The EU that Britain left in 2016 is not the EU a future Labour government will encounter when in power. European political dynamics have changed since the full scale invasion of Ukraine in 2022. Poland, after having thrown out its own populists, is now back with Donald Tusk as a powerful and influential player in Brussels; meanwhile, the Franco-German motor is stuttering, to put it mildly. And with the European elections only a month away, there may soon be a whole new wave of far right MEPs sitting in the European Parliament. Yet as the EU grows ever more complicated, knowledge in Britain of what is going on there has decreased, both within the civil service and among politicians: a logical consequence of Tory governments shutting down institutional backchannels with Brussels.
In this overall context, if Britain wishes to set about creating closer ties with Europe again, there are three important questions – questions to which I will now attempt to provide answers.

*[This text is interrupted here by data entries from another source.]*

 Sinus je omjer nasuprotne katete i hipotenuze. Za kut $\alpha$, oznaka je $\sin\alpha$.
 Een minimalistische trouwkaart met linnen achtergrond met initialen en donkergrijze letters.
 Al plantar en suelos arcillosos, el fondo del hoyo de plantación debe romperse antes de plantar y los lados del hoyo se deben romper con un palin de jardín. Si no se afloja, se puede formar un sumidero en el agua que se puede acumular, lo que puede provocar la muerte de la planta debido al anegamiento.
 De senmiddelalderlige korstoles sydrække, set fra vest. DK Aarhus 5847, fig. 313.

Firstly: What where the weaknesses in British democracy that were aggravated by Brexit and made it so easy for the Tories to undermine the very pillars of liberal democracy?

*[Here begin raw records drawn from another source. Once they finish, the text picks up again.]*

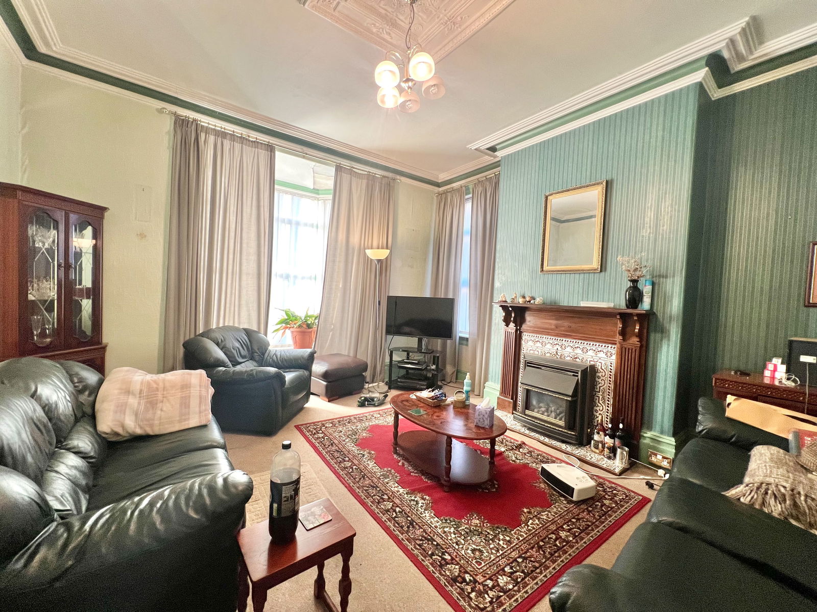 The lounge is a generously proportioned room located at the front of the property. It boasts beautiful ceiling coving, a charming gas fireplace, and a large bay window that fills the space with natural light. A side-facing double-glazed window and a central heating radiator add to the room’s appeal.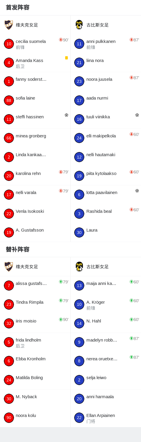 古比斯女足2-1逆转维夫克女足,lotta paavilainen、tuuli viinikka破门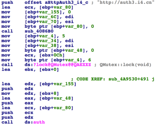 続いてsub_4A9530が、同じくi4m.dllに実装された関数authを呼び出します。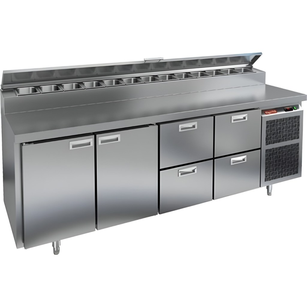 Каталог оборудования Холодильное оборудованиеСтолы охлаждаемыеСтолы холодильные для пиццыСтол холодильный для пиццы HiCold PZ2-1122GN (1/6) Стол холодильный для пиццы HiCold PZ2-1122GN (1/6) Код товара: 064-749 Поделиться: WhatsAppTelegram СравнитьДобавить в КПВ избранное 0 311 842 ₽ В корзину 0 шт Под заказСамовывоз сегодня бесплатно Взять в кредит Купить в лизинг Получить консультацию в WhatsApp Описание Характеристики Отзывы 0 Стол холодильный для пиццы HiCold PZ2-1122GN (1/6) предназначен для кухонь и предприятий общественного питания. Он используется для раскатки теста, подготовки ингредиентов для пиццы, салатов и других блюд, а также для охлаждения и кратковременного хранения скоропортящихся продуктов. Модель совмещает нержавеющую рабочую поверхность и охлаждаемый отсек с 2 дверями и 4 ящиками, обеспечивая удобный доступ к ингредиентам и эффективное хранение. Особенности: Динамическая система охлаждения для равномерного поддержания температуры Автоматическая оттайка для удобного обслуживания Электронная панель управления для точной настройки параметров Вместительная внутренняя полка формата GN 1/1 (размер 530×325 мм) 2 двери и 4 вместительных ящика для хранения ингредиентов Автоматические доводчики дверей с фиксатором открытого положения Легкозаменяемые магнитные уплотнители для герметичности Открытая агрегатная часть для легкого доступа к компонентам Регулируемые по высоте ножки для устойчивости Нержавеющая столешница глубиной 486 мм и толщиной 50 мм — устойчива к коррозии, легко моется и гигиенична Толщина теплоизоляции: 50 мм Максимальная глубина гастроемкостей: 100 мм Вместимость салат-бара: 13 гастроемкости Стол холодильный для пиццы HiCold PZ2-1122GN (1/6) — это надежный и функциональный стол для пиццы. Он объединяет рабочую поверхность и охлаждаемый отсек, упрощает хранение и подготовку ингредиентов, обеспечивает удобство работы повара и соответствует стандартам профессиональной кухни. Изображение товара, представленного на фото, может отличаться от его фактического вида. Показать все Габаритные размеры2280×700×1000 ммДиапазон рабочей температурыот +2 до +10 °CРасположение агрегатаБоковое Материал столешницыНержавеющая Тип столаС дверьми и ящиками Тип двериГлухая Объём570 лТип гастроемкостейGN 1/6 Количество дверей2 штКоличество ящиков4 штРазмер полки530×325 ммНапряжение220 ВМощность0,51 кВтТип охлажденияДинамическое Тип оттайкиАвтоматическая Габариты в упаковке2420×850×1080 ммВес нетто208 кгВес брутто240 кгБрендHicoldВсе холодильные столы для пиццы HicoldВсе нержавеющие холодильные столы для пиццы Оставить отзыв Еще никто не оставил отзыв на этот товар Ранее просмотрено Под заказ 275 842 ₽ Стол холодильный для пиццы HiCold PZ1-33GN (1/3) Под заказ 342 442 ₽ Стол холодильный для пиццы HiCold PZ2-1133GN (1/6) Под заказ 278 362 ₽ Стол холодильный для пиццы HiCold PZE1-222GN (1/3)

Secondly: What kind of Europe will Britain now be dealing with? What if the genie of anti-democratic populism we are now perhaps starting to banish here is about to escape out of the bottle on the other side of the Channel?
And thirdly: With the EU having become more complicated since 2016, what are the opportunities that might arise from the new threats it is facing for Britain if and when London wants to set up a new relationship with Brussels?
Let’s start with the first point: What where the weaknesses in Britain’s democratic system that made it so easy for the Tories to circumvent it and made it so vulnerable for the peculiar kind of British populism that came with Brexit. And how can these defects be repaired?
First and foremost: by facing up to its problems. This is the German in me talking. Now, the famously well-organised Germany is not all it’s cracked up to be (no, our trains don’t run on time, either!), but we certainly don’t have a problem with acknowledging problems. And once the issues at hand have been identified, then we try and develop strategies to fix them. This, however, is not what Britain generally, nor the Labour Party specifically, has decided to do.
Instead, there is a conspiracy of silence, and we are still living under Brex-omertà, as Neil Kinnock branded the weird fact that, even 8 years on, no-one dares to call a spade a spade and Brexit a... Brexit.
Well, you’re laughing, but in my job as a foreign correspondent, I have to try and explain this to perplexed Germans who very much like to tackle problems head-on and simply can’t understand the unwillingness to be honest about the elephant in the room.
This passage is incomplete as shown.